WHAT TO DO.
Exactly as written, reproduce the lines from the beginning of the data through the line containing "La abogada Ana"; the pictures are not reproduced.

**** GIVEN DATA

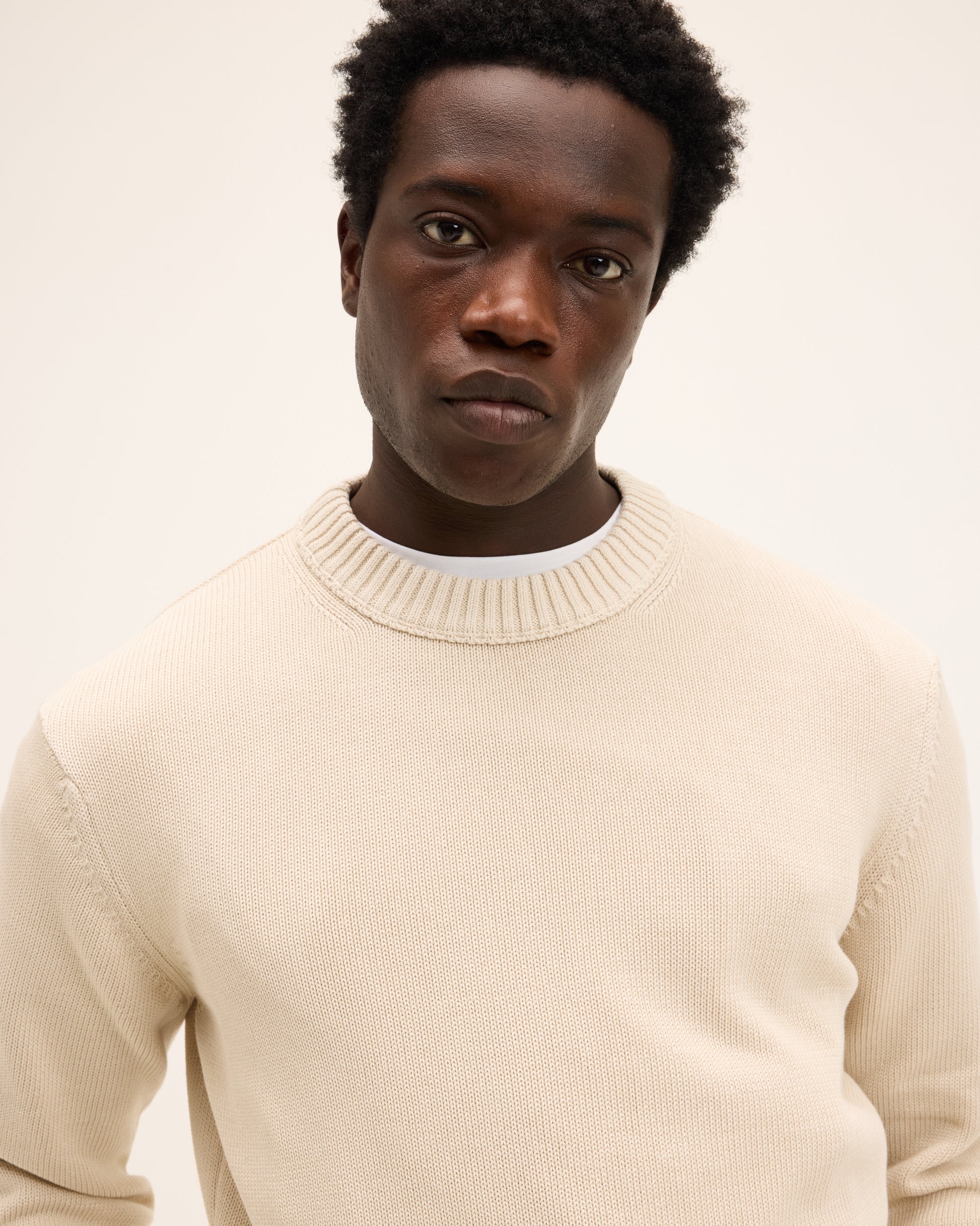The Kid Neck is a lightweight cotton knit with a soft feel and a classic round neckline. Easy to wear on its own or layered over a shirt for a more dressed look. Finished with ribbed cuffs and hem for a neat fit that stays comfortable all day.
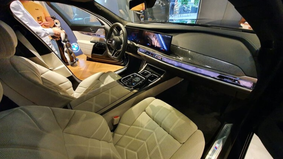 Sedanul electric din Munchen este o mașină super high-tech, cu un interior futurist. Modelul este echipat cu inovatorul BMW Theatre Screen, un ecran panoramic care înlocuieşte clasicele ecrane care erau montate în spătarele scaunelor.
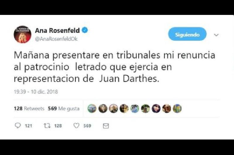 La abogada Ana Rosenfeld anunció vía Twitter que hoy se presentará en Tribunales para renunciar al patrocinio que ejercía hasta ahora en representación del actor Juan Darthés.
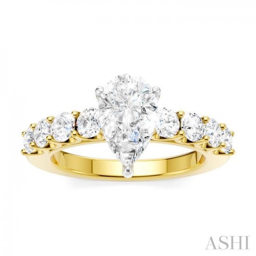 A charming semi-mount diamond engagement ring, this makes your proposal even more romantic with your personal touch added to it. The ring features a prong-raised pear-shaped center mount, ready for a center stone of your choice. This should be a pear cut diamond in the range of 0.85 Ctw to 1.20 Ctw. The shank comes pre-embellished with 4 each, 1/6 Ctw round cut diamonds on either side, adding to the elegance of the ring. Also, pre-adorning the gallery region are 10 microscopic split prong set round cut diamonds. A rhodium finished 14 karat yellow and white gold offers luminous sophistication to the semi-mount diamond engagement ring. The total diamond weight is 7/8 Ctw.

********

EXERCISE RESULT.
The Kid Neck is a lightweight cotton knit with a soft feel and a classic round neckline. Easy to wear on its own or layered over a shirt for a more dressed look. Finished with ribbed cuffs and hem for a neat fit that stays comfortable all day.
 Sedanul electric din Munchen este o mașină super high-tech, cu un interior futurist. Modelul este echipat cu inovatorul BMW Theatre Screen, un ecran panoramic care înlocuieşte clasicele ecrane care erau montate în spătarele scaunelor.
 La abogada Ana Rosenfeld anunció vía Twitter que hoy se presentará en Tribunales para renunciar al patrocinio que ejercía hasta ahora en representación del actor Juan Darthés.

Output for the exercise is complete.